As you can see from my request to DA, I do not defend Atlassian nor ask people to not give them a hard time. Being unpolite has certainly gotten everyone's attention! 😉😉 Now it's time to tone it down.
What I would like to see, and this is the same request I give to users at events, is serious discussion whereby the Atlassian team get challenged rather than ridiculed. Note my previous message to DA: Can the product team be more specific on the exact actions they are planning to take and provide an indication of major milestones you expect to hit? "more to share... in the coming months" is not really an ideal plan of action. That is most certainly not rude nor defending them.
So let's tackle the ball not the player, keep the tone professional and get Atlassian providing us updates that can actually help us! 😀
@Andy - PTC Redundant You are proposing that we should all be cordial and reasonable.

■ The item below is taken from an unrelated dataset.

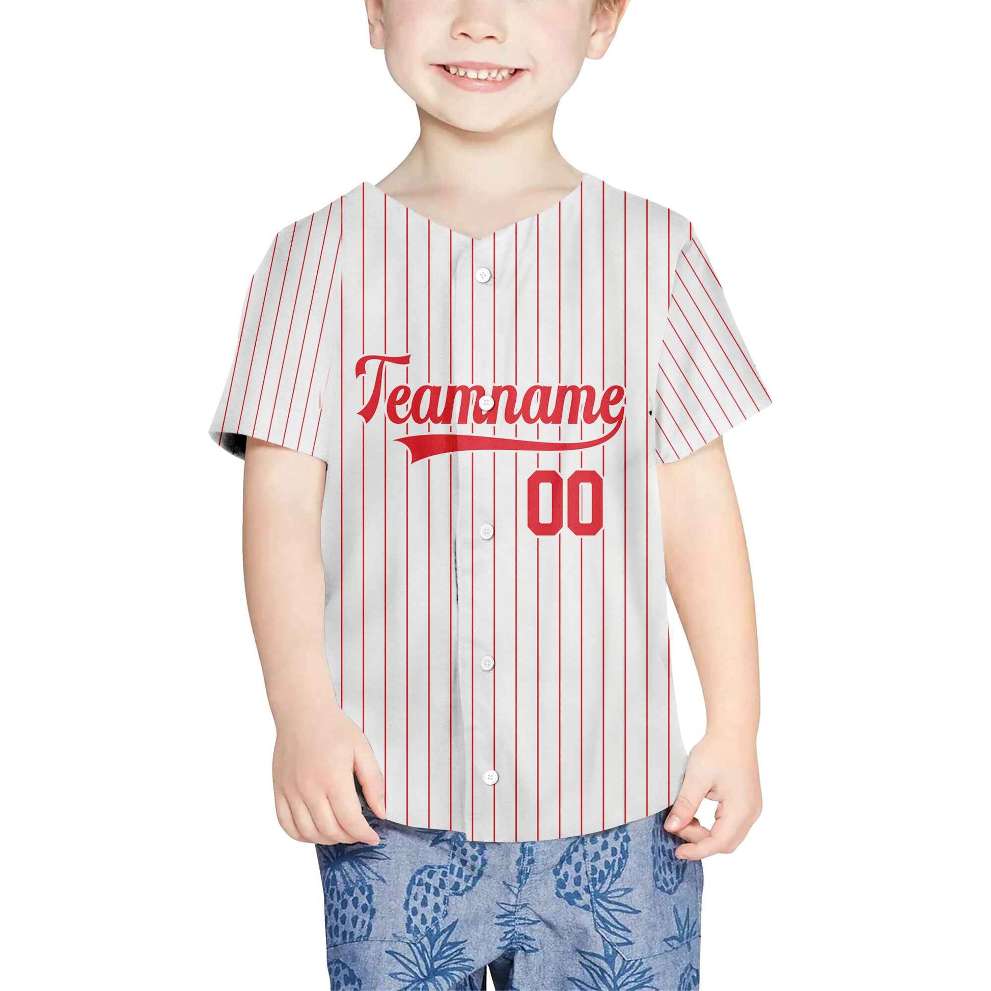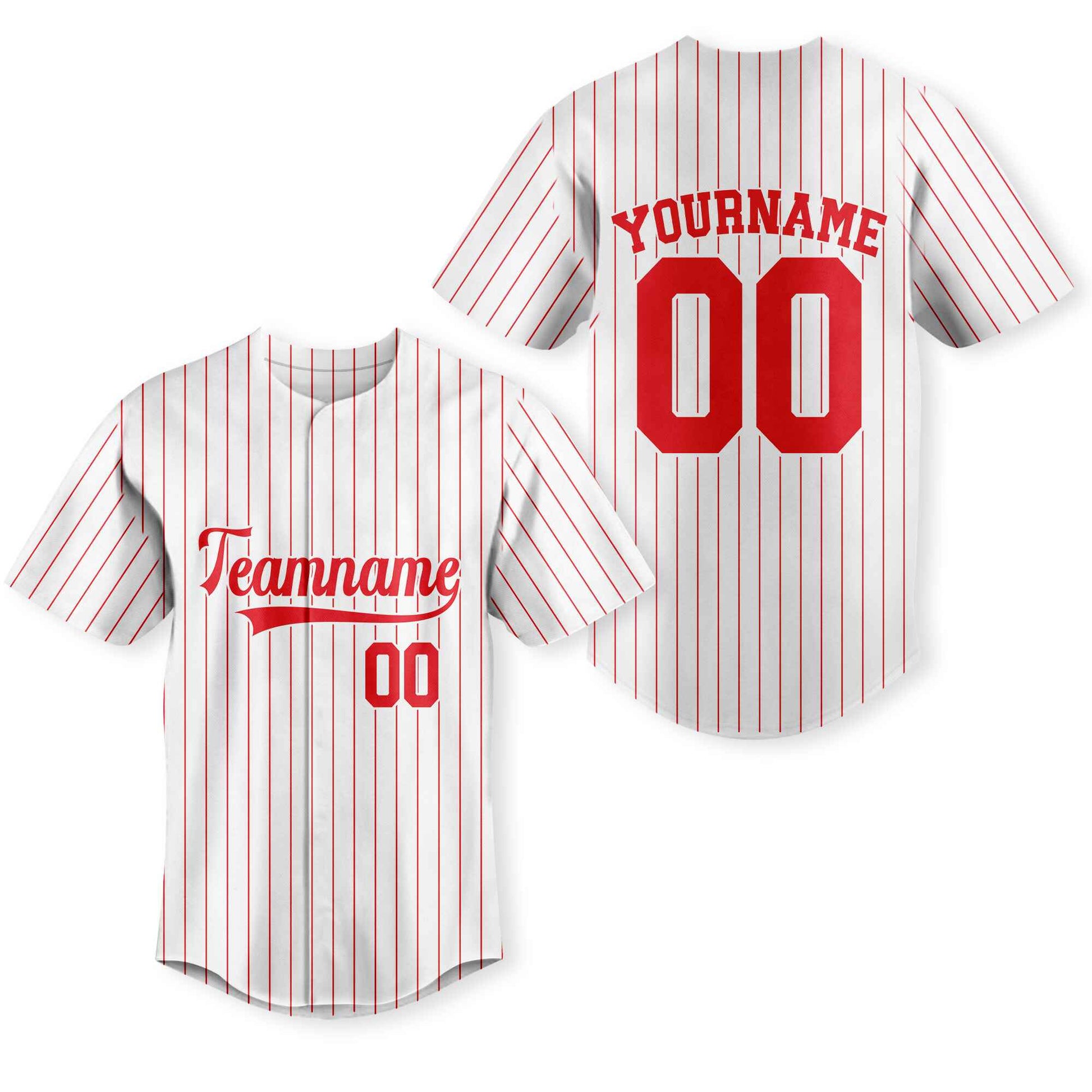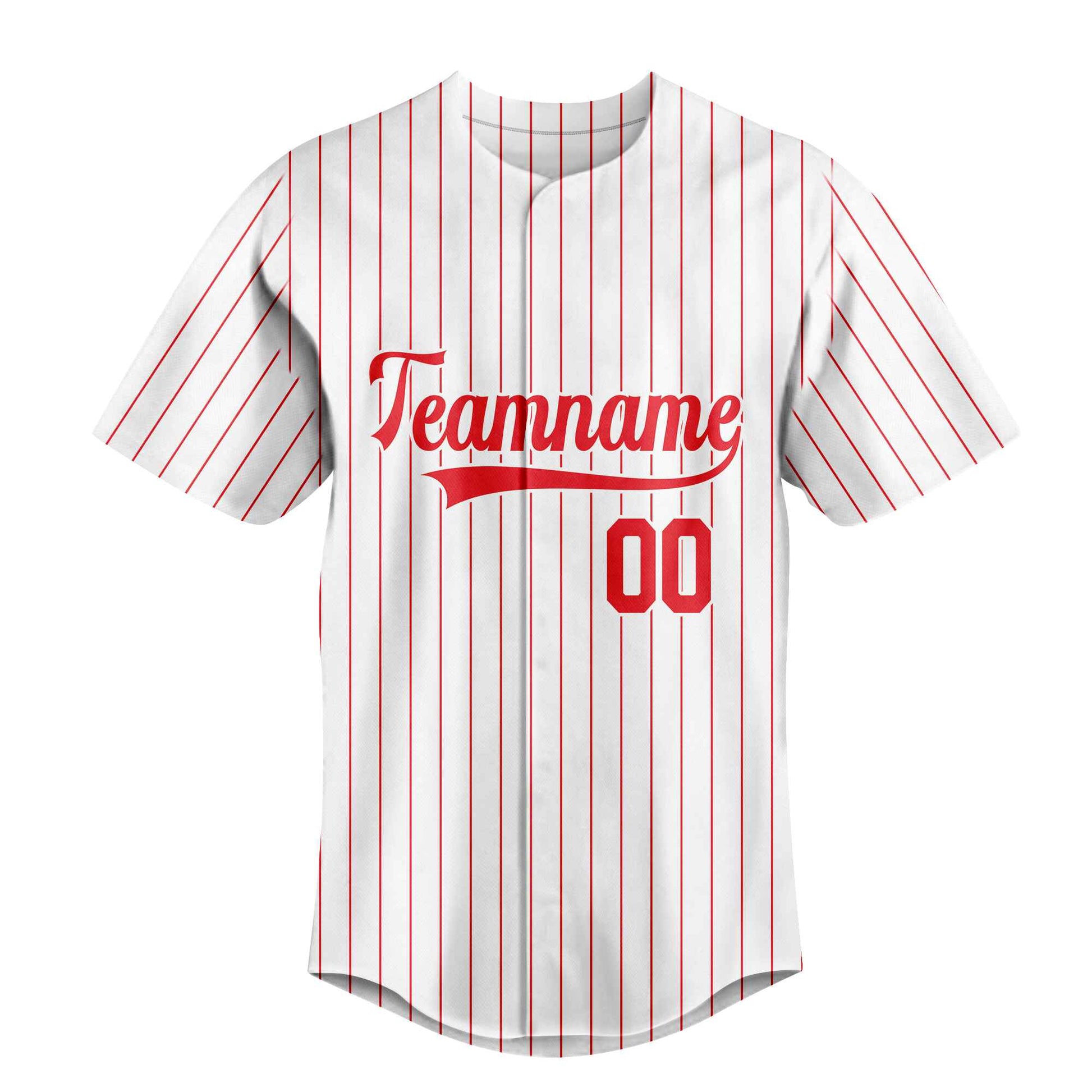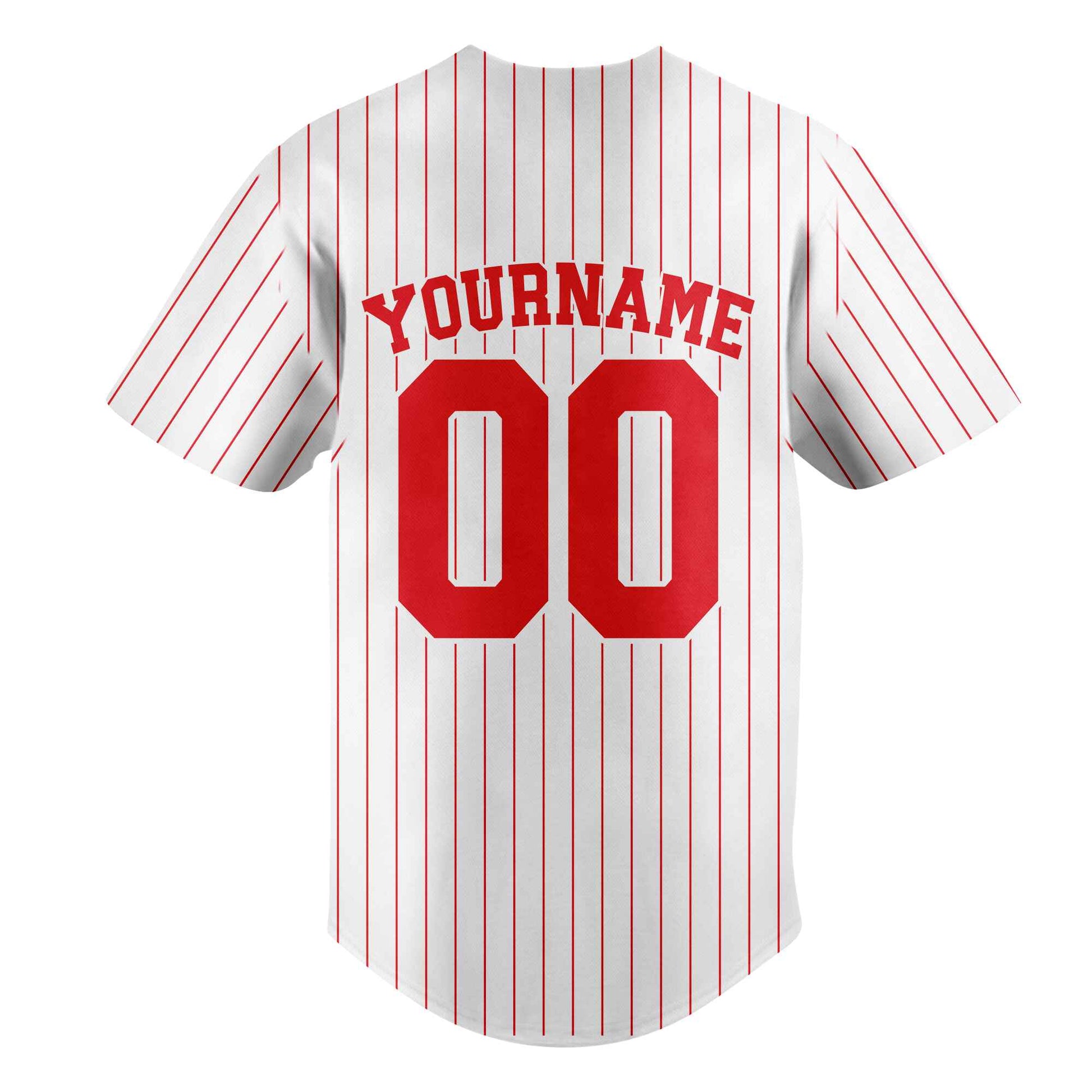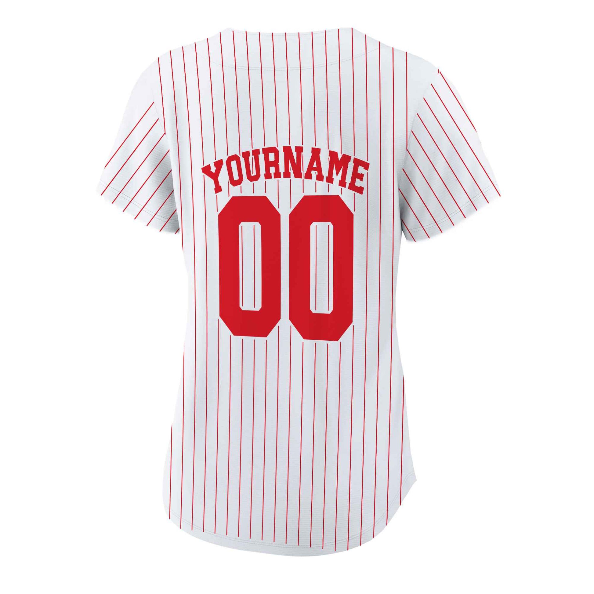 Custom White Red Pinstripe Red-White Authentic Baseball Jersey

That sounds perfectly fine and dandy, except that Atlassian is threatening to remove my ability to provide an established solution for my customers very soon.
By so doing, Atlassian has sent me into panic mode. Have you ever tried to be calm and rational when someone is holding a gun to your head and threatening to pull the trigger? No, me neither, but the point is that Atlassian has already begun the process of withdrawing the old editor. Go ahead and create a development site; you'll find the old editor has gone.
I'm staring down the barrel of a loaded gun, and the person holding it has a twitchy finger. Within weeks (according to Atlassian's intended timescales), I will no longer be able to produce the documentation I am being paid to supply (and which I have been supplying using the old editor for over five years).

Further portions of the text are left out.